Avec nous, Greg Jousset revient sur sa passion et sur la création de son livre, sorti en auto-édition et grâce à un financement participatif.
Pour celles et ceux qui ne connaissent pas, peux-tu nous expliquer ce qu’est le trading card ?
La trading card est à la base une carte de collection. Le plus souvent en carton, elle peut aussi être en plastique ou en papier. Comme l’évoque son nom, elle est destinée à être éventuellement échangée. Il faudrait plusieurs pages pour rentrer dans les détails de ce petit objet car c’est bien plus qu’un morceau de carton. Contrairement à la vignette autocollante, elle est, en générale, recto verso. Elle se démarque par sa taille caractéristique qui a varié au fil des différentes évolutions.
Il est cependant difficile de dire exactement de quel pays elle est originaire réellement mais l’inspiration vient sans aucun doute d’Europe. Les trade cards étaient les ancêtres des trading cards modernes.
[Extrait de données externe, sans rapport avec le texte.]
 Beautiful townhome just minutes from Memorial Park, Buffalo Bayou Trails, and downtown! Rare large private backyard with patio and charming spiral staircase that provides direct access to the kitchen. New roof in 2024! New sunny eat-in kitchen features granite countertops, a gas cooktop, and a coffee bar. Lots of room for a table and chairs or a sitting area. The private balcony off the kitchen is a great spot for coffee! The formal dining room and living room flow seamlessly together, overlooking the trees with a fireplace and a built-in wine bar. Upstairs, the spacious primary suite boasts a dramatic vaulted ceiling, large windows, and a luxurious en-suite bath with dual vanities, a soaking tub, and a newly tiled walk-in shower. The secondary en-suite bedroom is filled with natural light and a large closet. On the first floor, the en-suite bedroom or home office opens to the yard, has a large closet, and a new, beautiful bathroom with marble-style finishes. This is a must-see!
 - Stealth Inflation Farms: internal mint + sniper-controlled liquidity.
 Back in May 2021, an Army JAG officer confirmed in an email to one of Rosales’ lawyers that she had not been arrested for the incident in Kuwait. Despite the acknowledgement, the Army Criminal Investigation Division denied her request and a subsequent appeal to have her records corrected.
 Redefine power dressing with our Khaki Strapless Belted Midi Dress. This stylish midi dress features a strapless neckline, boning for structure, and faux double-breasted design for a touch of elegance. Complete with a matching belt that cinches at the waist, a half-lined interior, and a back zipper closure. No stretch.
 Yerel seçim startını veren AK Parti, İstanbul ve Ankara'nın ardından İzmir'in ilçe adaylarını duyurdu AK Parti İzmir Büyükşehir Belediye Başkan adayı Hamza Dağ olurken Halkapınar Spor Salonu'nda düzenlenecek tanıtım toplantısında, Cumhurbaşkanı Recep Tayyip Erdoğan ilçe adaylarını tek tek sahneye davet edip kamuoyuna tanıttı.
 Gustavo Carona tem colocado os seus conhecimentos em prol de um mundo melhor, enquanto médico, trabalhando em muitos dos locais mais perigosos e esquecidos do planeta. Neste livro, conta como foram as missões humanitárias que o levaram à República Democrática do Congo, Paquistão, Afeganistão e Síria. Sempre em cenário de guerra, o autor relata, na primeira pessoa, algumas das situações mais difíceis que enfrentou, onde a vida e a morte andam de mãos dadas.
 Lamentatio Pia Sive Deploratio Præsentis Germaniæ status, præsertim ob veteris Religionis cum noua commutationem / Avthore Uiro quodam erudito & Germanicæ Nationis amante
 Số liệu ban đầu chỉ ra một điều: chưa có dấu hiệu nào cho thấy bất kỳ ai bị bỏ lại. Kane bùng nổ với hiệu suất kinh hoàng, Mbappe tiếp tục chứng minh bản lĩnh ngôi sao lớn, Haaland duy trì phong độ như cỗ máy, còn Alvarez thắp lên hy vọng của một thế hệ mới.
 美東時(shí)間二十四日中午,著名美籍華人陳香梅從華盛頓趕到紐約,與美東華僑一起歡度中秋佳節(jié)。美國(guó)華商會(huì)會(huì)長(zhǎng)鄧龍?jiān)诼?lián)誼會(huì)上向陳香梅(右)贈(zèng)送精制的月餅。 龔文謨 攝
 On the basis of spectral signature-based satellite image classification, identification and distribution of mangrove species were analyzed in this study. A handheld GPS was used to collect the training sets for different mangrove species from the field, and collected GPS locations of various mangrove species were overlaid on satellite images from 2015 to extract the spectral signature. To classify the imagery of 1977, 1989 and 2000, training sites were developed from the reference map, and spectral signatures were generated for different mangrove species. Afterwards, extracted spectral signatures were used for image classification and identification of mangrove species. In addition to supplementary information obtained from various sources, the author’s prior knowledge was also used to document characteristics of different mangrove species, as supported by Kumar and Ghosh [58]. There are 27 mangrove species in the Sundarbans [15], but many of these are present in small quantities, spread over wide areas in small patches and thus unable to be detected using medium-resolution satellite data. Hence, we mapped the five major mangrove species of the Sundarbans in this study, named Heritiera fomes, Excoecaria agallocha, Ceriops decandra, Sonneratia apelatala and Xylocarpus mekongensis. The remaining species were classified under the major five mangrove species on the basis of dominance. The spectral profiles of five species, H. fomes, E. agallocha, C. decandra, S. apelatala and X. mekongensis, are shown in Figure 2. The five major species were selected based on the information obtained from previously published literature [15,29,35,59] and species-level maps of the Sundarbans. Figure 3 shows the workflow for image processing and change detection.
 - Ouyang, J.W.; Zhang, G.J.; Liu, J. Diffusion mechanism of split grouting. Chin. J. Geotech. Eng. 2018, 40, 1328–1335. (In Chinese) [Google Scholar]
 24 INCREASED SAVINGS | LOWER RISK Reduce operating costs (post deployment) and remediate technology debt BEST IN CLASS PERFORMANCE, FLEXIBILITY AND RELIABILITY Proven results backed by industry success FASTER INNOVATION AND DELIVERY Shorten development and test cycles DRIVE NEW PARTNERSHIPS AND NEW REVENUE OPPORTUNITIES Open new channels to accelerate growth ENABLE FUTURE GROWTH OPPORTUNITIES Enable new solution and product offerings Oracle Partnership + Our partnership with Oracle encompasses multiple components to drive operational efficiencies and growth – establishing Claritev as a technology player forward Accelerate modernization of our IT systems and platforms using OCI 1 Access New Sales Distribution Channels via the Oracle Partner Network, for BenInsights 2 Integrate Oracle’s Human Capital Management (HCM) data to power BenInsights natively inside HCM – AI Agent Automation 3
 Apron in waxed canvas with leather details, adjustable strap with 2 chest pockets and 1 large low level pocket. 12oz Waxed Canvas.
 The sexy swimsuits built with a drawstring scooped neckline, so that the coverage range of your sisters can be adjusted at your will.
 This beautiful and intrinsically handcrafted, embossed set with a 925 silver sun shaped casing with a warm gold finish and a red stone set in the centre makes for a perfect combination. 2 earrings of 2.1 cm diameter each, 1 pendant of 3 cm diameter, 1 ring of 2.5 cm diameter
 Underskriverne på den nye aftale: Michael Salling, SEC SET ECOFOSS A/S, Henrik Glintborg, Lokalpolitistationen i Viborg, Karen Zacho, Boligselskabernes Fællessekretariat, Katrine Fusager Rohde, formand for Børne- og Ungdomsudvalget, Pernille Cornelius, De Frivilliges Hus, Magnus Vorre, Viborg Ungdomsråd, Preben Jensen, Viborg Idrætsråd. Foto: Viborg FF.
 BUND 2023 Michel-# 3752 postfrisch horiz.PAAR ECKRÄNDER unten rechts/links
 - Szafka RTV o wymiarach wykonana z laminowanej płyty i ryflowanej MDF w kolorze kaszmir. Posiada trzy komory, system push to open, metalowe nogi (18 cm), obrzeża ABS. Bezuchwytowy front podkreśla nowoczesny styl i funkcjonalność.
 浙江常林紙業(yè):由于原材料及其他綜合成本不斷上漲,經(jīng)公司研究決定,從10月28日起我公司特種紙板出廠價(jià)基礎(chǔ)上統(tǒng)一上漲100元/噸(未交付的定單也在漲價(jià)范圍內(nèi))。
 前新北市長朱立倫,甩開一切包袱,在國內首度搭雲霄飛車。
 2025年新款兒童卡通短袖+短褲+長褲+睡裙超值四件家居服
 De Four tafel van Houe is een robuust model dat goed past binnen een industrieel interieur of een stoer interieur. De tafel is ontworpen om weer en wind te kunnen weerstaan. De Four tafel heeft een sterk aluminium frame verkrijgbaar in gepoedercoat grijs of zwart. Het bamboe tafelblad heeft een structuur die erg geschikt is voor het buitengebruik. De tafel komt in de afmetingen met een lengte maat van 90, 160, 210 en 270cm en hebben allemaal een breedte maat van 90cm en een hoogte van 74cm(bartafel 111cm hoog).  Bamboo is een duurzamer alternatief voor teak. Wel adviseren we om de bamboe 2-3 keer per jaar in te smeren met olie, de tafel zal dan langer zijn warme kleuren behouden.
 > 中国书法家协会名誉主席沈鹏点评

Elles sont inspirées des cabinet cards ou cartes de visite venant d’Europe. Le phénomène a fini par envahir l’Amérique du Nord. L’industrie du tabac s’empare de ce stratagème pour vendre ses paquets de cigarettes. Ensuite le marché s’est emballé avec les chewing-gums et la carte qui accompagnait un produit est devenu un produit à part entière au vu du succès de celles-ci. L’histoire de la trading card est riche et très intéressante tant sur le plan historique et commercial.
D’où t’es venue cette passion et qu’est-ce que tu collectionnes en particulier ?
Ma passion est le fruit de plusieurs influences, mais elle est principalement familiale. Et pourtant, ils étaient loin de s’imaginer être un des vecteurs de ma passion...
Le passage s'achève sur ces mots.